* **REQUIRED ACTION**:
Begin with the line below holding "Ahir vam deixar" and go on through the line holding "喜訊!城關物業(yè)榮膺全國物業(yè)百強企業(yè)第十四名!", duplicating each line exactly and leaving out pictures.

+++ RECORDS FOR THE EXERCISE

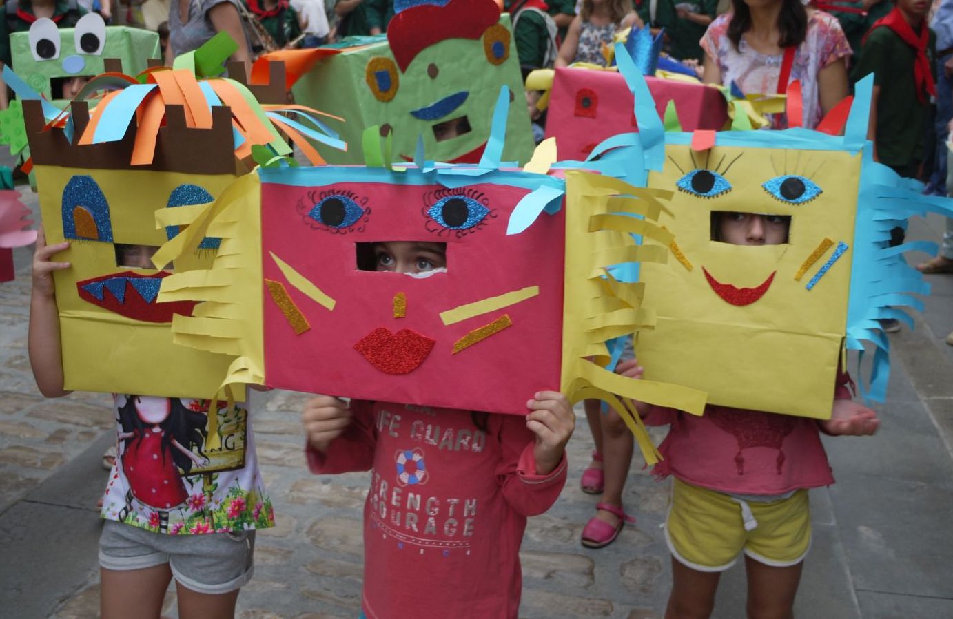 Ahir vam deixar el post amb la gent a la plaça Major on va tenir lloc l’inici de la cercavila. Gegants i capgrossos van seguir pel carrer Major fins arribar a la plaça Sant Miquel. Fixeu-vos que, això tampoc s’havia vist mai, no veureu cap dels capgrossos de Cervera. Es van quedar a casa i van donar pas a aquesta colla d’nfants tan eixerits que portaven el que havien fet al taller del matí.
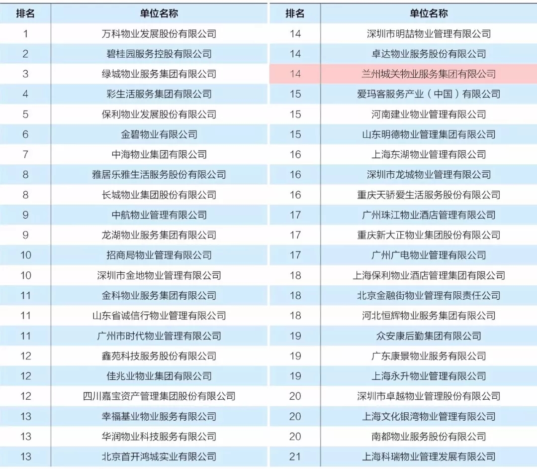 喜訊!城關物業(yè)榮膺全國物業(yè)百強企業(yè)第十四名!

++++++
+++ RECORDS FOR THE EXERCISE

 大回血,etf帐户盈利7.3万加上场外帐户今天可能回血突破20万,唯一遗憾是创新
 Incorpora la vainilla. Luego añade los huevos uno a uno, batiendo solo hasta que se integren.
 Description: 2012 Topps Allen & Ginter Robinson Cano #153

++++++

* **TASK RESPONSE**:
 Ahir vam deixar el post amb la gent a la plaça Major on va tenir lloc l’inici de la cercavila. Gegants i capgrossos van seguir pel carrer Major fins arribar a la plaça Sant Miquel. Fixeu-vos que, això tampoc s’havia vist mai, no veureu cap dels capgrossos de Cervera. Es van quedar a casa i van donar pas a aquesta colla d’nfants tan eixerits que portaven el que havien fet al taller del matí.
 喜訊!城關物業(yè)榮膺全國物業(yè)百強企業(yè)第十四名!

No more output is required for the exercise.